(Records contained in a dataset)
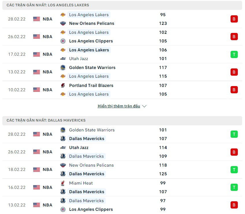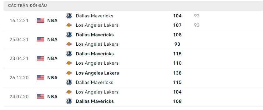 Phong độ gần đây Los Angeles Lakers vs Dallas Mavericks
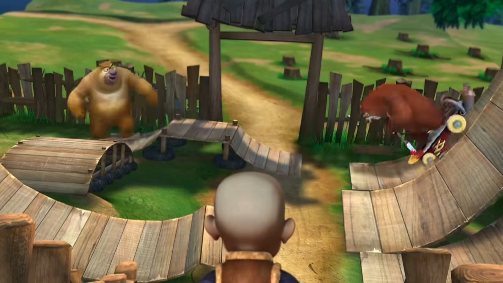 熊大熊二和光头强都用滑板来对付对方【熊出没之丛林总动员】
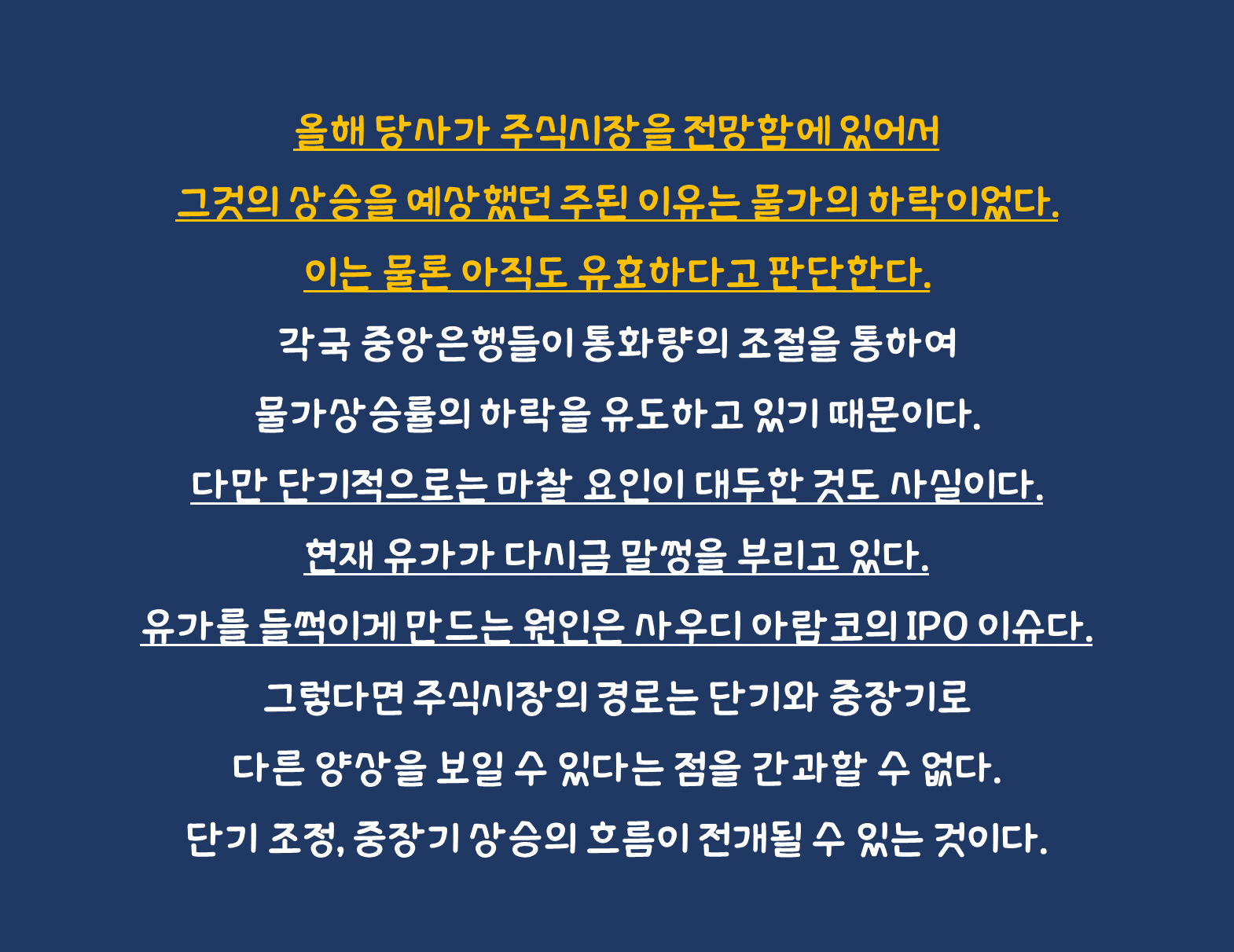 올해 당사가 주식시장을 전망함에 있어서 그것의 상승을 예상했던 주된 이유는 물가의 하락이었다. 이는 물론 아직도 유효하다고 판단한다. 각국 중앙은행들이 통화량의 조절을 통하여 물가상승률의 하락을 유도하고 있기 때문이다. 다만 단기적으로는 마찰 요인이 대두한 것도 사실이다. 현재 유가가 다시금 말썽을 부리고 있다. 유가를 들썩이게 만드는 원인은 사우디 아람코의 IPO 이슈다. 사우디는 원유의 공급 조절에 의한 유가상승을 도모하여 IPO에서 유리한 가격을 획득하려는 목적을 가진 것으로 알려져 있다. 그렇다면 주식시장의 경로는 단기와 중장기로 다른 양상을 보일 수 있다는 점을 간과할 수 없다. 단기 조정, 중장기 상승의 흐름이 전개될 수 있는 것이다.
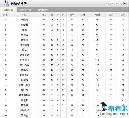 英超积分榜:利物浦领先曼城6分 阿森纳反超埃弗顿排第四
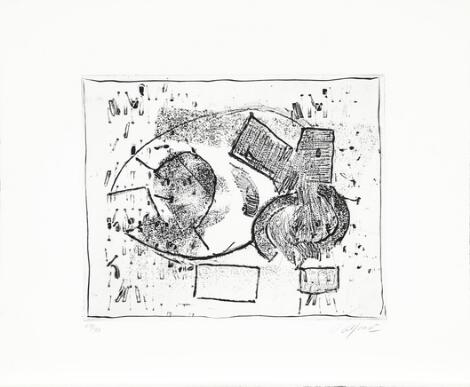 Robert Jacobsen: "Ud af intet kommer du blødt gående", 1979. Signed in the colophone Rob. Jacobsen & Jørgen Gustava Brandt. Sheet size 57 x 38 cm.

Activity:
Write out every line above exactly, minus images.

Result:
 Phong độ gần đây Los Angeles Lakers vs Dallas Mavericks
 熊大熊二和光头强都用滑板来对付对方【熊出没之丛林总动员】
 올해 당사가 주식시장을 전망함에 있어서 그것의 상승을 예상했던 주된 이유는 물가의 하락이었다. 이는 물론 아직도 유효하다고 판단한다. 각국 중앙은행들이 통화량의 조절을 통하여 물가상승률의 하락을 유도하고 있기 때문이다. 다만 단기적으로는 마찰 요인이 대두한 것도 사실이다. 현재 유가가 다시금 말썽을 부리고 있다. 유가를 들썩이게 만드는 원인은 사우디 아람코의 IPO 이슈다. 사우디는 원유의 공급 조절에 의한 유가상승을 도모하여 IPO에서 유리한 가격을 획득하려는 목적을 가진 것으로 알려져 있다. 그렇다면 주식시장의 경로는 단기와 중장기로 다른 양상을 보일 수 있다는 점을 간과할 수 없다. 단기 조정, 중장기 상승의 흐름이 전개될 수 있는 것이다.
 英超积分榜:利物浦领先曼城6分 阿森纳反超埃弗顿排第四
 Robert Jacobsen: "Ud af intet kommer du blødt gående", 1979. Signed in the colophone Rob. Jacobsen & Jørgen Gustava Brandt. Sheet size 57 x 38 cm.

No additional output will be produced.